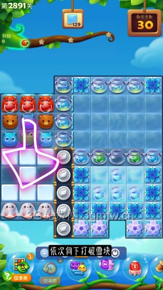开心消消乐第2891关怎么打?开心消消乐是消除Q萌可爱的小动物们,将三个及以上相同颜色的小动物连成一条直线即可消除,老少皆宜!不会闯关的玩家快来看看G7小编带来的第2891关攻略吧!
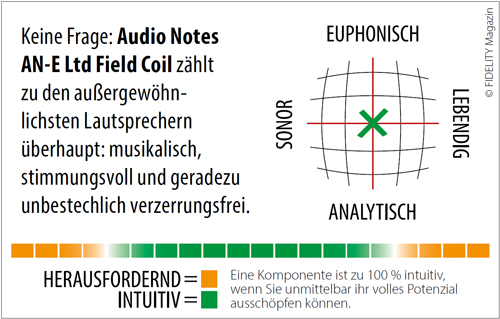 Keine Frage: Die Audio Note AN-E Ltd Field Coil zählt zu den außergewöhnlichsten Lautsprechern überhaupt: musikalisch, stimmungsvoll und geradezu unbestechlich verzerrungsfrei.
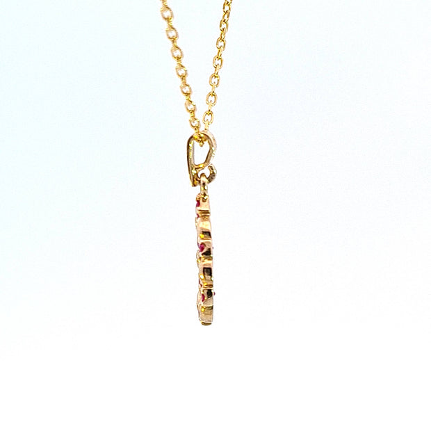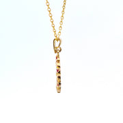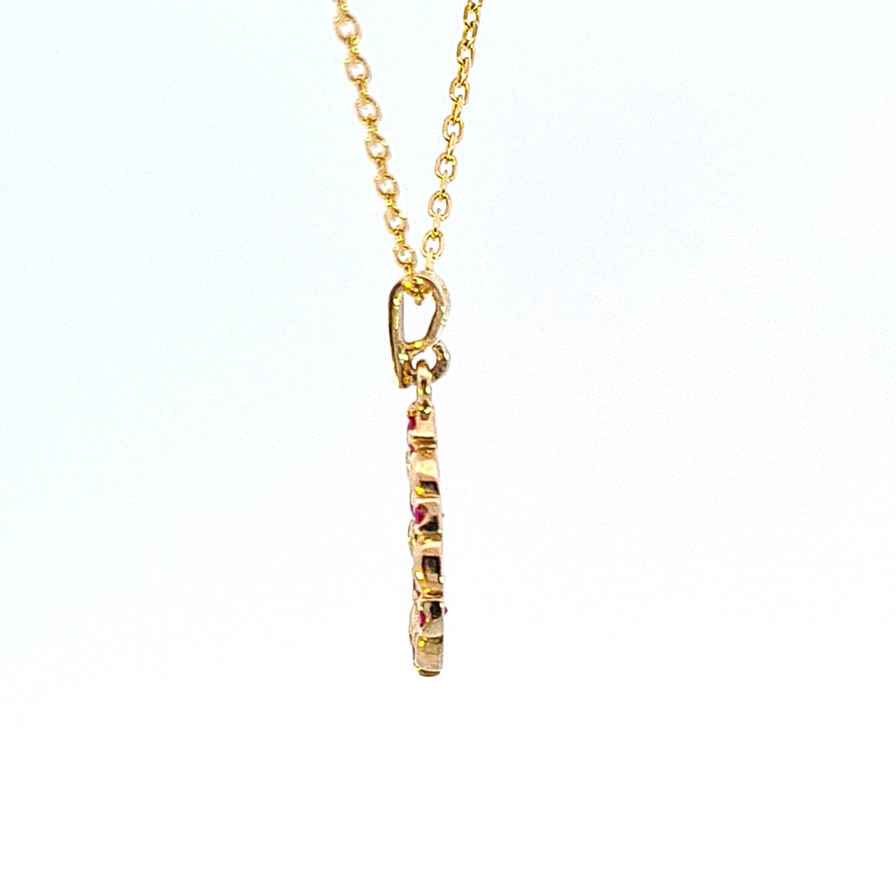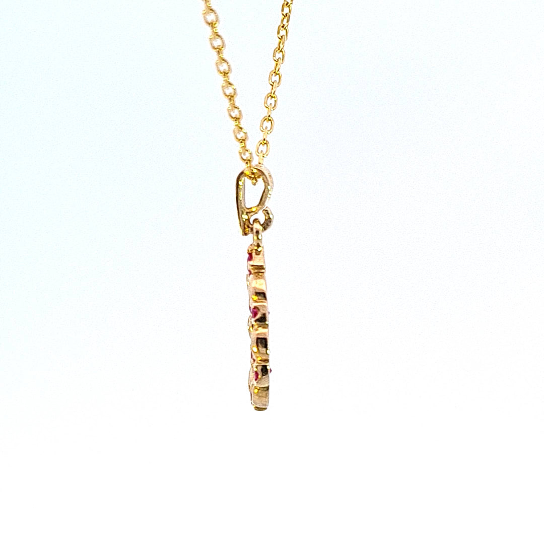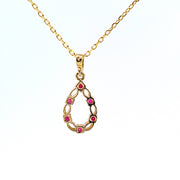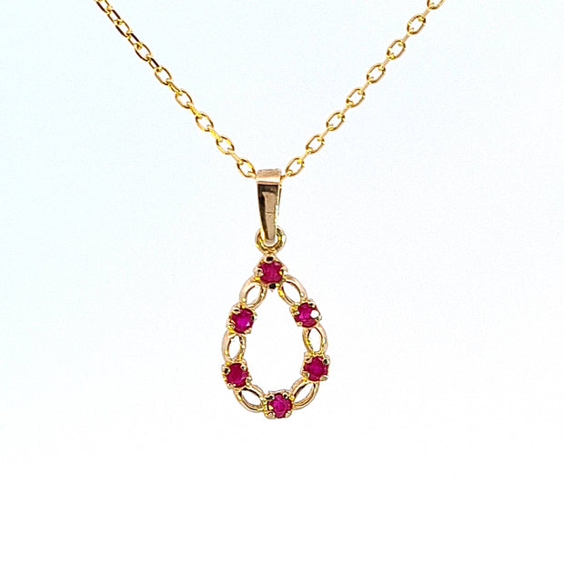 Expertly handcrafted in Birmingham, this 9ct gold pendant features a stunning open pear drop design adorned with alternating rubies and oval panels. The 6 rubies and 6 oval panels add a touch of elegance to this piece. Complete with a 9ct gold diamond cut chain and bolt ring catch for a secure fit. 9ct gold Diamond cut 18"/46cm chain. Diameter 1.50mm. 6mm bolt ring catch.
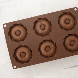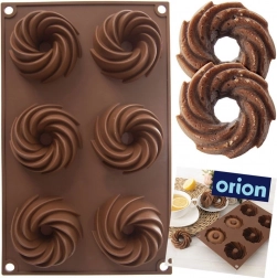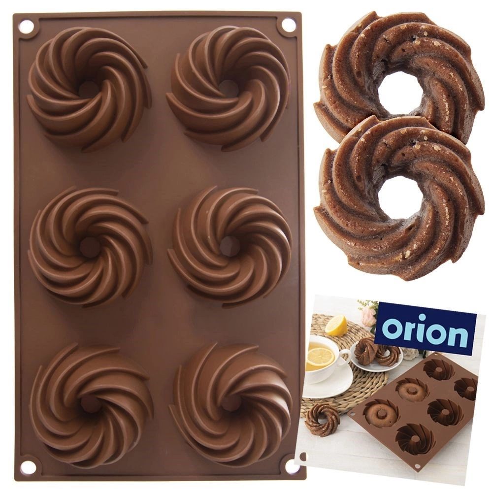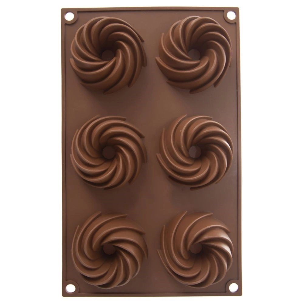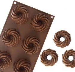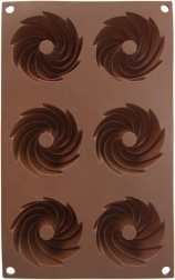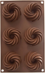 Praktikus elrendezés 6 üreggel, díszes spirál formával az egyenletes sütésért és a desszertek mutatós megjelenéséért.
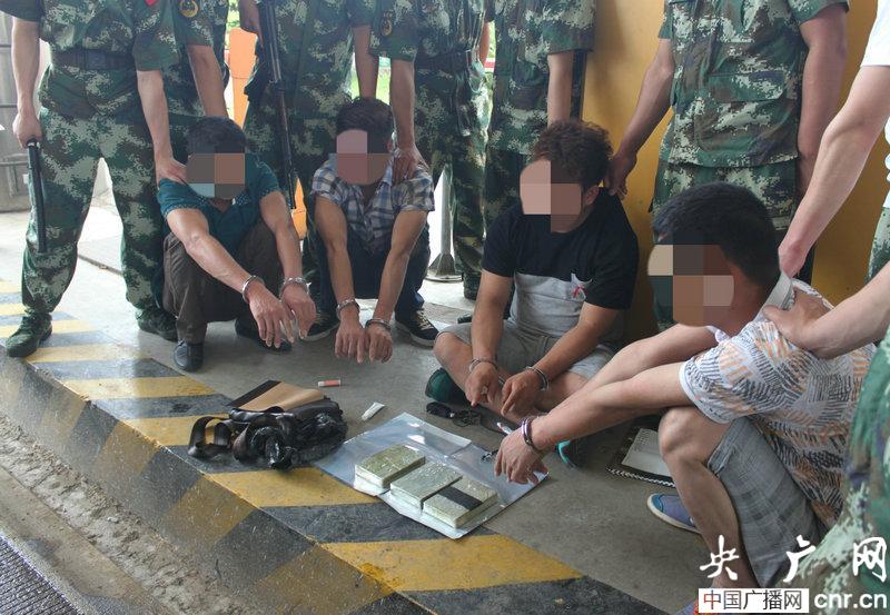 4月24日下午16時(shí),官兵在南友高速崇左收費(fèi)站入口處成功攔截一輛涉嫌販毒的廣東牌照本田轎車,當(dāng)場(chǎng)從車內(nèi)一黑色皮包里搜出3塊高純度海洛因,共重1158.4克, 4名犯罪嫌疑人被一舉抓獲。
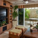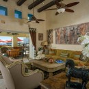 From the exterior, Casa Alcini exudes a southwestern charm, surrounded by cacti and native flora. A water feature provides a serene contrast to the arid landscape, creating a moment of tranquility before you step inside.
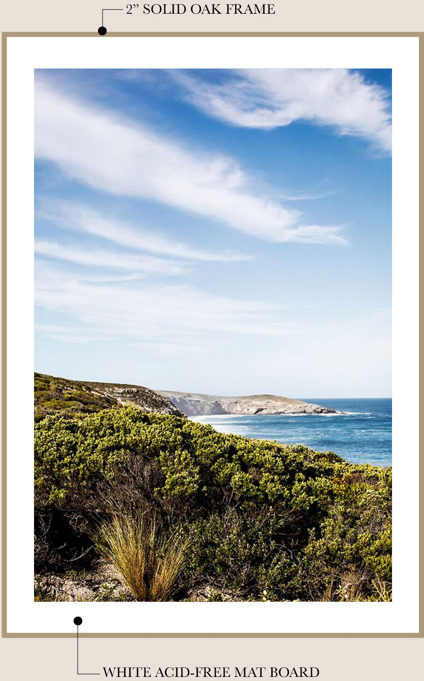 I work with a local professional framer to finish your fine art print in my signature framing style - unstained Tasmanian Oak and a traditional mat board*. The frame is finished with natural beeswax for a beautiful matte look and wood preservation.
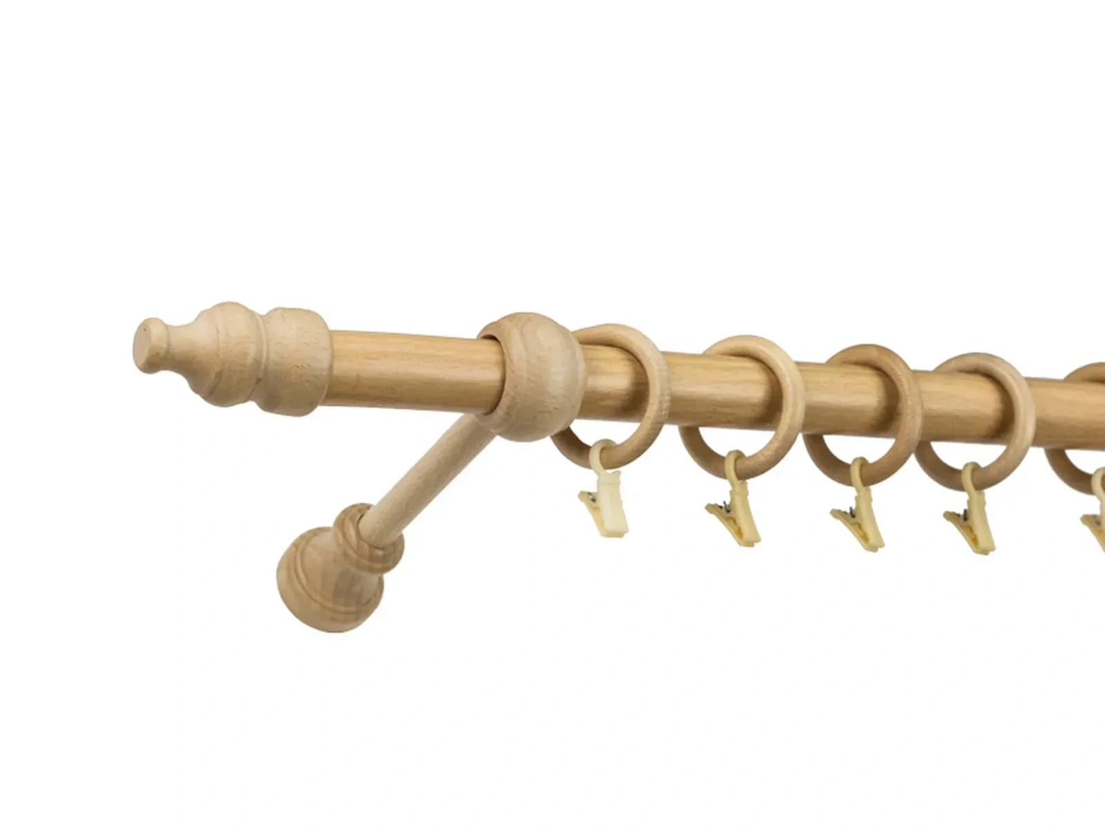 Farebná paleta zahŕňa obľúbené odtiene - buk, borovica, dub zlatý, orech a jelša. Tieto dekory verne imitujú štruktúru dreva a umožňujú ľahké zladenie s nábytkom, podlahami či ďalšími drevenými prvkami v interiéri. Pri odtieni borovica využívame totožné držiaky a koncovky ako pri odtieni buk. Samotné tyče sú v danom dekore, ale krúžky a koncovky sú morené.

━━━

* [Task brief]: Take the entries shown above and quote them verbatim, passing over the pictures.

* [Solution]:
开心消消乐第2891关怎么打?开心消消乐是消除Q萌可爱的小动物们,将三个及以上相同颜色的小动物连成一条直线即可消除,老少皆宜!不会闯关的玩家快来看看G7小编带来的第2891关攻略吧!
 Keine Frage: Die Audio Note AN-E Ltd Field Coil zählt zu den außergewöhnlichsten Lautsprechern überhaupt: musikalisch, stimmungsvoll und geradezu unbestechlich verzerrungsfrei.
 Expertly handcrafted in Birmingham, this 9ct gold pendant features a stunning open pear drop design adorned with alternating rubies and oval panels. The 6 rubies and 6 oval panels add a touch of elegance to this piece. Complete with a 9ct gold diamond cut chain and bolt ring catch for a secure fit. 9ct gold Diamond cut 18"/46cm chain. Diameter 1.50mm. 6mm bolt ring catch.
 Praktikus elrendezés 6 üreggel, díszes spirál formával az egyenletes sütésért és a desszertek mutatós megjelenéséért.
 4月24日下午16時(shí),官兵在南友高速崇左收費(fèi)站入口處成功攔截一輛涉嫌販毒的廣東牌照本田轎車,當(dāng)場(chǎng)從車內(nèi)一黑色皮包里搜出3塊高純度海洛因,共重1158.4克, 4名犯罪嫌疑人被一舉抓獲。
 From the exterior, Casa Alcini exudes a southwestern charm, surrounded by cacti and native flora. A water feature provides a serene contrast to the arid landscape, creating a moment of tranquility before you step inside.
 I work with a local professional framer to finish your fine art print in my signature framing style - unstained Tasmanian Oak and a traditional mat board*. The frame is finished with natural beeswax for a beautiful matte look and wood preservation.
 Farebná paleta zahŕňa obľúbené odtiene - buk, borovica, dub zlatý, orech a jelša. Tieto dekory verne imitujú štruktúru dreva a umožňujú ľahké zladenie s nábytkom, podlahami či ďalšími drevenými prvkami v interiéri. Pri odtieni borovica využívame totožné držiaky a koncovky ako pri odtieni buk. Samotné tyče sú v danom dekore, ale krúžky a koncovky sú morené.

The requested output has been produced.